Pretendem acabar com a corrupção e disponibilizam os lugares, de influência e de decisão, só em jogos corrompidos pelos interesses...

A Humanidade -quer se queira, quer não- é assim. Paris -como todas as terras, é apenas um ventre. Os "embriões" é que são esquisitos, e o mundo, o nosso mundo, é somente fictício, porque nascemos fruto de um deus de incoerências.

P.S.: Se em Abril desabrocharam esperanças –o termo tem o seu “quê” de pós-erótico, e os ingénuos colheram-, foi por acção da “esquerda” que murcharam. Os falsos e os famintos quiseram comer tudo. Quem é que, humilde, livre das traições do imaginário, se lembraria de comparar uma labita para receber o prémio Nobel?
 
sobre COMUNICAÇÃO, agora.

Um erro crasso, pensar que a Comunicação Social, em regra, está interessada em discutir, desinteressadamente, os assuntos. Acontecerá à Comunicação Social o que vem acontecendo com essa mistura de oligarquia e plutocracia, o verdadeiro regime em que se vive, sem palavra única -em qualquer lado-.

Democracia é hipocrisia. E é por isso que a abstenção tem vindo a aumentar o seu significado, do mesmo modo que os orgãos de comunicação vão perdendo audiências, porque a credibilidade ou se alimenta ou se esgota, e, como tudo termina, normalmente, em negócio, todos "gingam" e todos querem e todos esperam um parceiro no qual possam ter confiança. Mas quem é, hoje, que, não sendo ingénuo, não desconfia?

O caos é o grande investimento da Informação. Associa-se-lhe, provoca-o e acolhe-o -como o instinto aconselha-, porque é a confusão que aterroriza e dispersa a manada e que permite aos predadores isolar e sufocar as presas.

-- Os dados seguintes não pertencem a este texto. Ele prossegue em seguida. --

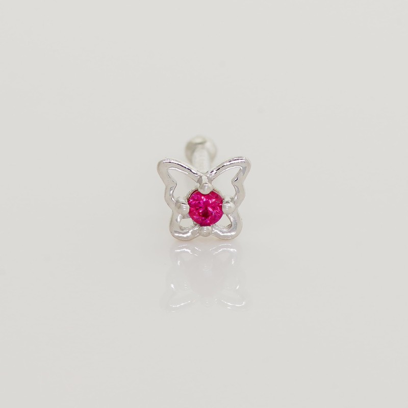 14k Solid Gold Ruby Butterfly Nose Bone Stud, Red Butterfly Dainty Body Jewelry Nostril Piercing 21gauge, Nostril Straight
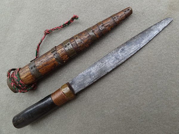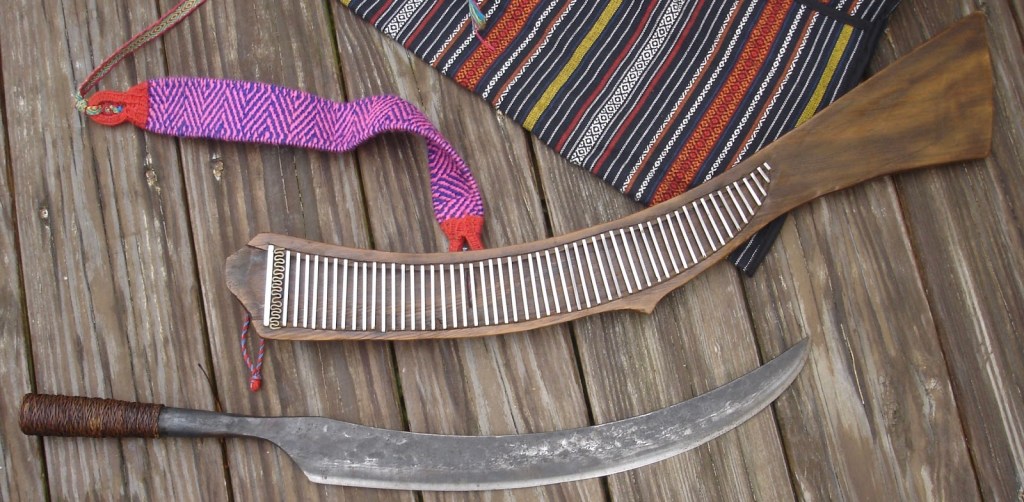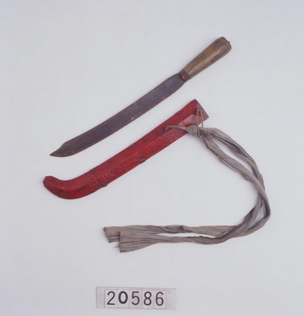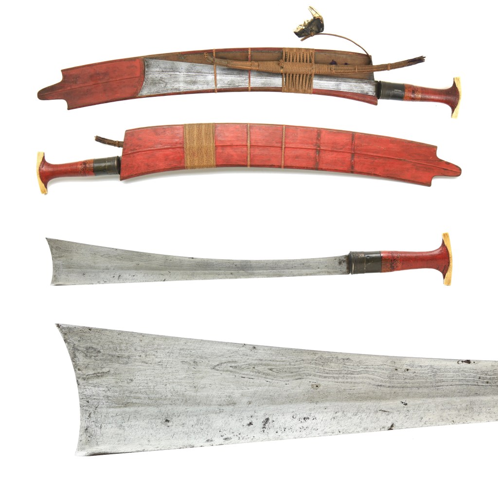 The Kachin, Naga, Apatani, and Deng people nearby use a variety of knives that not only similar to Taiwanese knives, but also have a tentative link to a much older, widespread design. The most eye catching feature of these knives are the scabbard that strongly resembles those in Taiwan, especially with the evenly spaced strips of rattan that secure the blade in the scabbard. However, the features that are less similar to Taiwanese knives perhaps draw more interesting connections that have broader implications. A connection to the machete/“bush” knives of Thailand and the Cambodian Kambet Bantoh can be drawn as the design is nearly identical to a long-handled variant of the Naga dao.
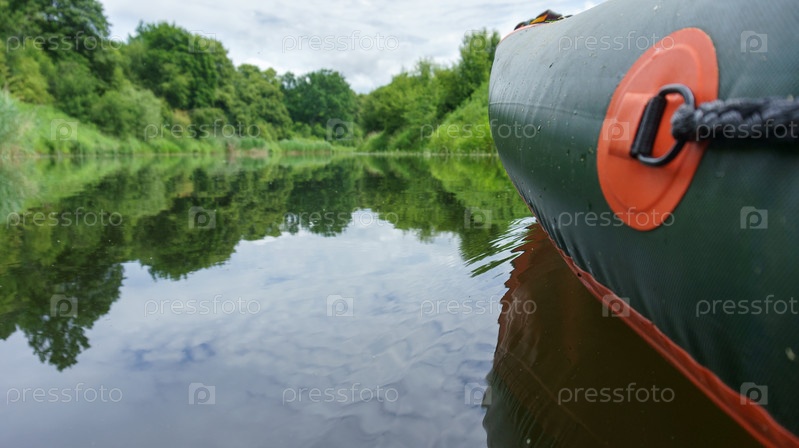 Надувной каяк на воде. Надувная доска для каяка крупным планом
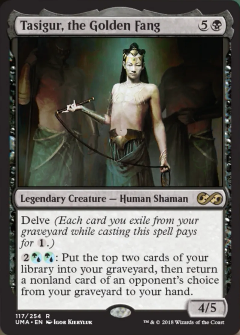 Magic: the Gathering (mtg) Rare Legendary Creature — Human Shaman Tasigur, the Golden Fang from Ultimate Masters (UMA) last updated 2026-02-21 16:55:02
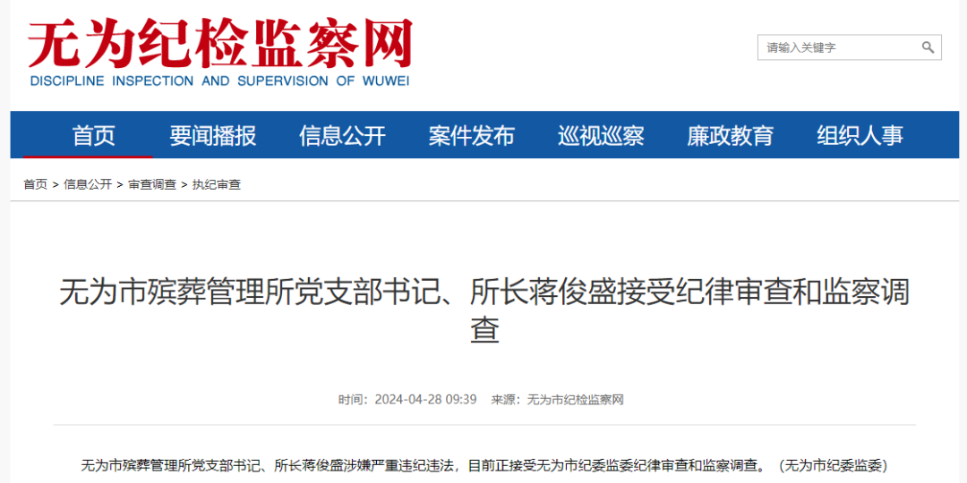 据无为纪检监察网4月28日消息,无为市殡葬管理所党支部书记、所长蒋俊盛涉嫌严重违纪违法,目前正接受无为市纪委监委纪律审查和监察调查。
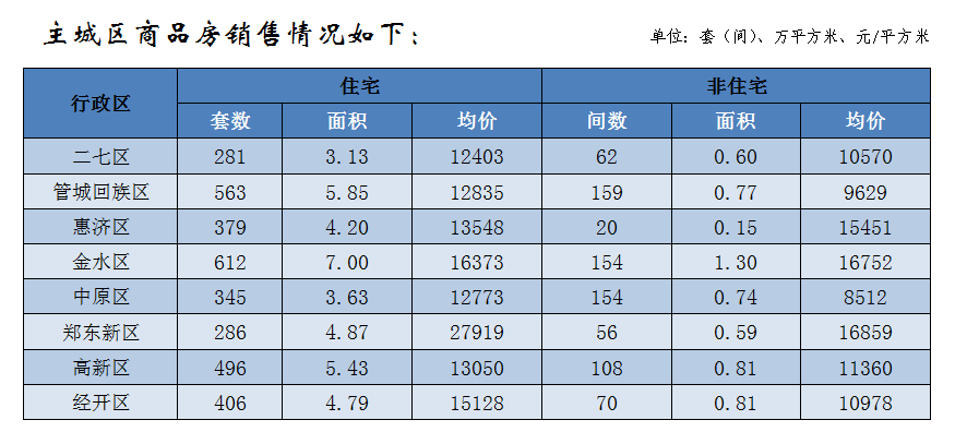 郑州全市商品房销售8111套(间),销售面积92.85万平方米,销售均价11164元/平方米;其中商品住宅销售6719套,销售面积79.02万平方米,销售均价11551元/平方米。非住宅销售1392套(间),非住宅销售面积13.83万平方米,非住宅销售均价为8954元/平方米。
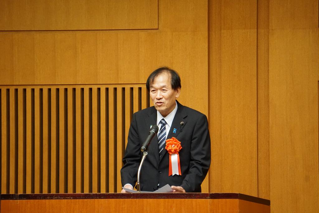岩田議長は、「障害のある方が社会生活を営む上での様々な障壁をなくし、すべての人が、主体的に社会参加し、共に支えあい、豊かに暮らせる「まちづくり」を実現することが非常に重要です。県議会としても、関係機関との緊密な連携のもと、さらなる障害者福祉の向上、また、すべての人々が互いに支えあう地域社会の実現に向け、しっかりと取り組んでまいります。」と祝辞を述べました。
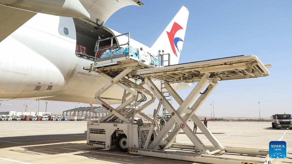 Equipos de primeros auxilios, purificadores de agua, tiendas de campaña, mantas, sistemas de diagnóstico ultrasonido, chalecos salvavidas y otros materiales humanitarios fueron descargados en el Aeropuerto Internacional de Benina, en presencia de Omar Abu-Dabous, secretario general de la Media Luna Roja de Libia, así como de importantes diplomáticos libios y chinos.
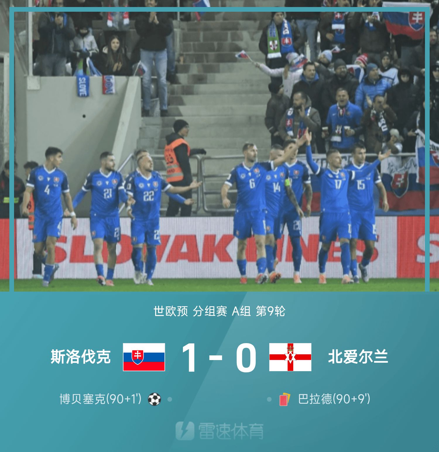 6686 खेल समाचार 15 नवंबर को 26वें विश्व यूरोपीय क्वालीफायर के ग्रुप ए के 9वें दौर में, स्लोवाक की घरेलू टीम ने उत्तरी आयरलैंड को 1-0 से हराया। खेल के दूसरे भाग में स्लोवाकिया के दो गोल अस्वीकार कर दिये गये। रुकने के समय में, बोबेसेक ने आखिरी शॉट भेजा, और फिर बैलार्ड को बाहर भेज दिया गया, जिससे उत्तरी आयरलैंड में चुनौती के लिए केवल 10 खिलाड़ी बचे। जर्मनी और स्लोवाकिया दोनों ने 4 जीत और 1 हार के साथ 12 अंक बनाए। विश्व कप फाइनल में सीधे जगह बनाने के लिए दोनों टीमें अंतिम दौर में सीधे आमने-सामने होंगी।
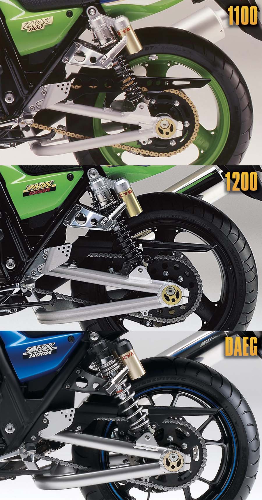 この機会に純正スイングアームの変遷もおさらい。1100は丸断面パイプ製で530mm長(ピボットセンター〜チェーンアジャスターセンター間、以下同)。1200では楕円断面材×540mm長で下側ショックマウントが15mm前進。エンド部内幅も10mm拡大した。DAEGはD字断面材×540mm長、下側マウントは1200比で20mm後退(1100比5mm後退)。上側は3車同じだ。
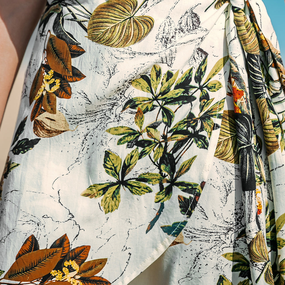 Vestido Corto con Cinturón y Estampado de Hojas Tropicales de Cuello en V
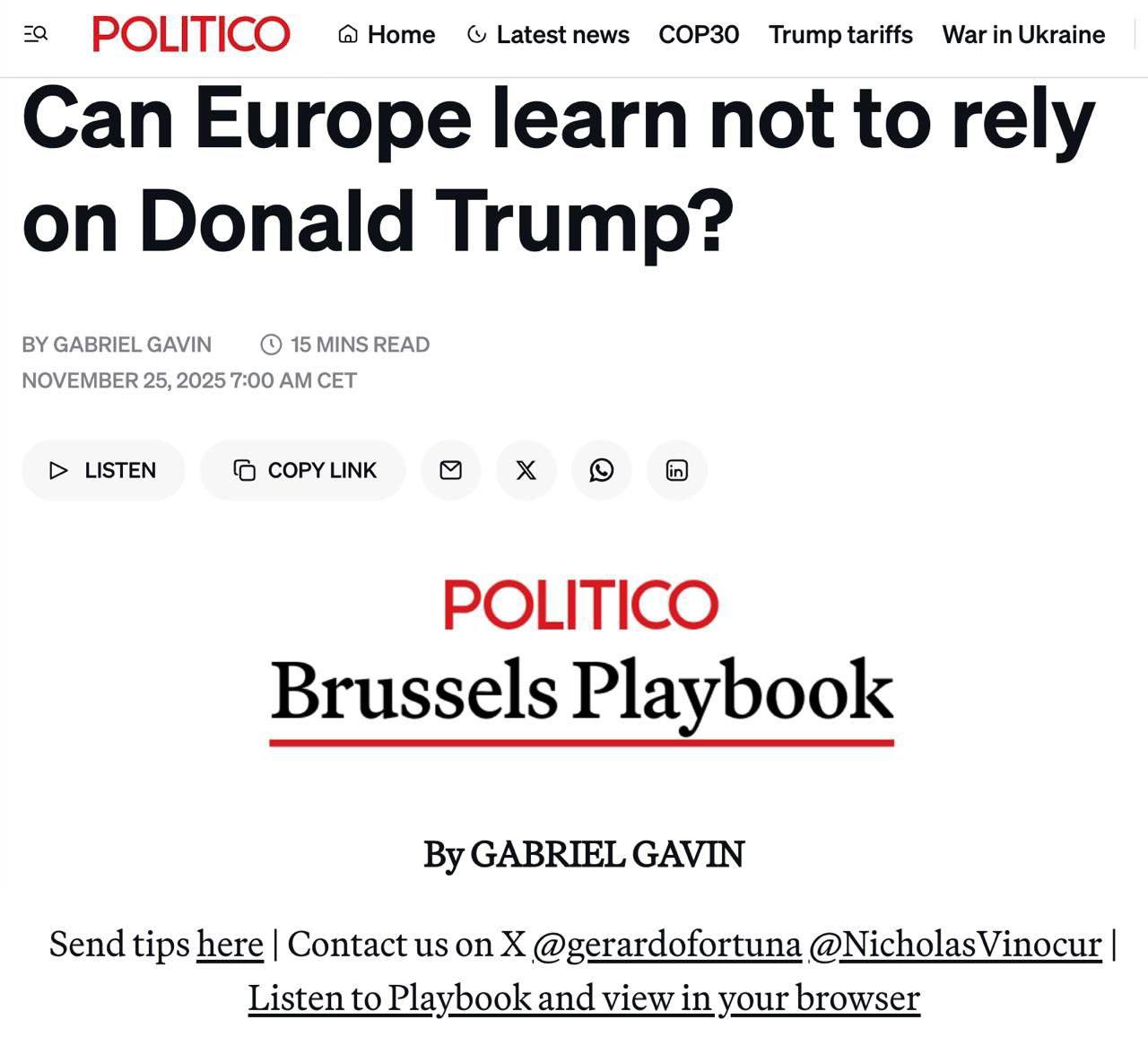 "Каллас остаётся в стороне от внимания из-за её порой непростых отношений с администрацией Трампа. Даже Рубио — самый проевропейски настроенный член команды Трампа, изменивший ход его переговоров по Украине, — отказывается проводить двусторонние встречи с Каллас",
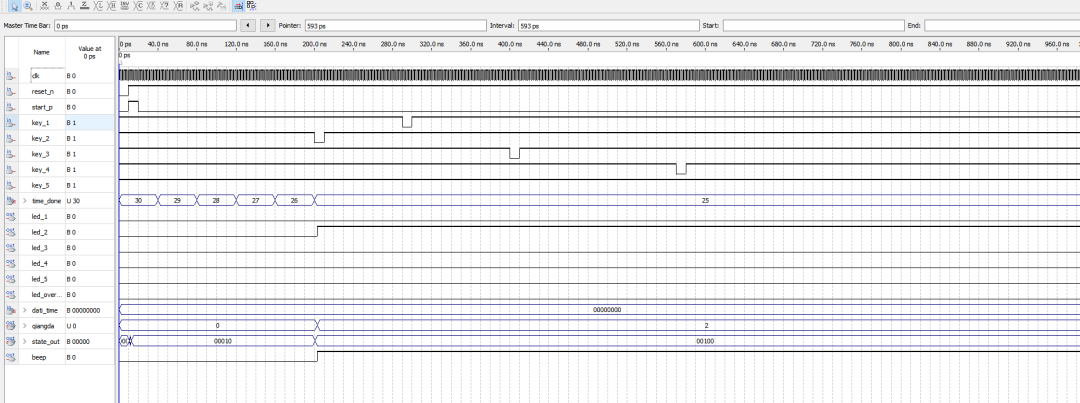 设计采用多模块协同:首先对关键按键做消抖并提取下降沿,避免机械抖动造成多次触发;核心抢答逻辑由qiangda_ctrl的状态机实现,开始后进入倒计时窗口,优先级按检测顺序锁定首个有效按键,随后进入答题阶段并保持胜出者指示。计时模块jishi提供抢答倒计时与答题计时基准;计分模块score_crtl在允许的状态下响应加分/减分键;显示模块display把倒计时、胜出者编号与各选手分数进行动态刷新。
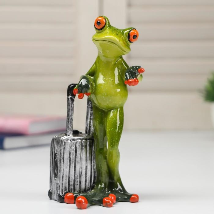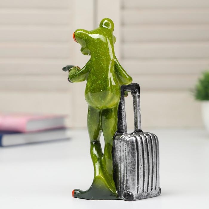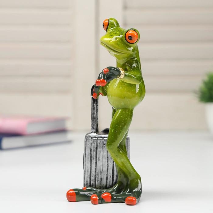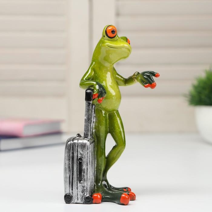 Сувенир полистоун лак "Лягушонок с чемоданом" 15,8х6,8х8,5 см
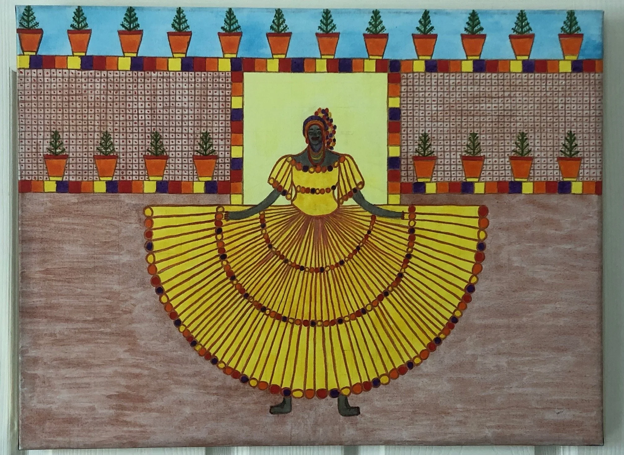 The paintings reflect her many impressions of growing up in Trinidad and Tobago during the 1950s.
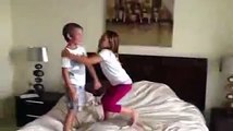 House wrestling. Little boy vs big sister

Já perguntei, num outro comentário, que seria das instituições, se as sociedades se tornassem perfeitas? E perguntei, noutros contextos, que haveria de ser da desgraça, se deixasse de haver desgraçados?

A ordem das prioridades foi alterada. A necessidade de informar é que é o mote. As notícias são pouco menos que fabricadas. A luz é um obstáculo, porque é na escuridão que os ratos medram.

A seguir ao aborto, como tema, outro se há-de seguir -como este sucedeu a outros-, sem que haja nem tempo nem disposição para aprofundamentos. A Casa Pia já foi! A Comunicação exaltou-o e deixou-o nos estertores do êxtase, porque há notícias que não dão dinheiro, porque já cansaram e porque não dão jeito.

Paris tem que lembrar romance, e não os problemas em que sobrevive esta terra. Acreditem que o negócio é o mesmo, mas o Père-Lachaise é diferente.